O texto aprovado pelos deputados busca garantir direito de defesa e análise técnica individualizada antes da aplicação de sanções ambientais, evitando que produtores sejam penalizados apenas por apontamentos remotos realizados por sistemas de monitoramento.

A proposta surge em meio às discussões envolvendo o uso de dados do PRODES, sistema de monitoramento do Instituto Nacional de Pesquisas Espaciais (INPE), que passará a ser utilizado pelos bancos como critério para liberação de financiamentos rurais.

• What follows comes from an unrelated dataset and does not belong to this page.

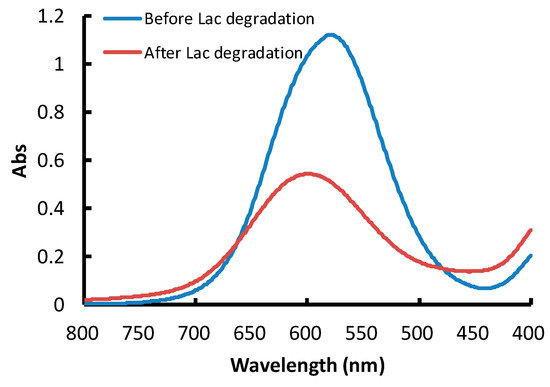 The maximum absorbance of AB solution (50 mg/L) was obtained at 581 nm (Figure 2), which was similar to a previous report [9,16]. The standard curve was determined as: y = 0.023x + 0.006 (R2 = 0.998). With Lac application, the absorption peak was slightly transferred to around 600 nm after 10 min of degradation, and no new absorption peak was found in the visible range. This indicated that Lac could efficiently degrade AB dye into colorless products in the solution.

Pela regulamentação prevista, áreas identificadas com supressão de vegetação nativa após julho de 2019 poderão enfrentar bloqueios de crédito até que a situação ambiental seja comprovadamente regularizada.

A medida provocou forte reação do setor produtivo, principalmente em Mato Grosso, estado que lidera a produção agropecuária nacional e depende diretamente do crédito rural para custeio, investimento e expansão da produção.

O empresário do agronegócio e pré-candidato a primeiro suplente ao Senado por Mato Grosso na chapa de José Medeiros, Odílio Balbinotti Filho, afirmou que o projeto representa um avanço importante para garantir segurança jurídica ao produtor rural.

Segundo ele, o monitoramento ambiental é necessário, mas não pode substituir fiscalização presencial, análise técnica detalhada e direito ao contraditório.

“O produtor brasileiro não pode ser condenado apenas por uma imagem de satélite, sem fiscalização presencial, sem análise técnica e sem direito de defesa. Monitoramento é importante, mas não pode substituir o devido processo legal”, afirmou.

O texto aprovado mantém a possibilidade de fiscalização ambiental e aplicação de medidas cautelares em casos de irregularidades comprovadas. No entanto, impede que propriedades rurais sejam automaticamente embargadas ou sofram restrições apenas por apontamentos gerados por sistemas remotos, sem confirmação técnica individualizada.

Durante a votação, parlamentares ligados à Frente Parlamentar da Agropecuária defenderam que produtores vinham enfrentando restrições severas sem oportunidade prévia de esclarecimento ou defesa administrativa.

Para representantes do setor, alertas emitidos pelo PRODES não equivalem automaticamente à comprovação de crime ambiental. Produtores argumentam que divergências envolvendo Cadastro Ambiental Rural (CAR), áreas autorizadas para supressão vegetal, queimadas acidentais e falhas geoespaciais podem gerar apontamentos equivocados.

Odílio Balbinotti afirmou que o debate precisa encontrar equilíbrio entre preservação ambiental e proteção jurídica de quem produz.

“O agro brasileiro sempre defendeu responsabilidade ambiental. O que não pode acontecer é o produtor regular enfrentar bloqueio de crédito, embargo ou insegurança apenas por divergência técnica de sistema. Pelo satélite não tem como saber se existe licença ambiental, se houve danos naturais. O correto seria notificar o produtor diante de qualquer suspeita, não penalizá-lo sem verificação prévia”, declarou.

A proposta segue agora para análise do Senado Federal. Caso seja aprovada sem alterações, o texto será encaminhado para sanção presidencial.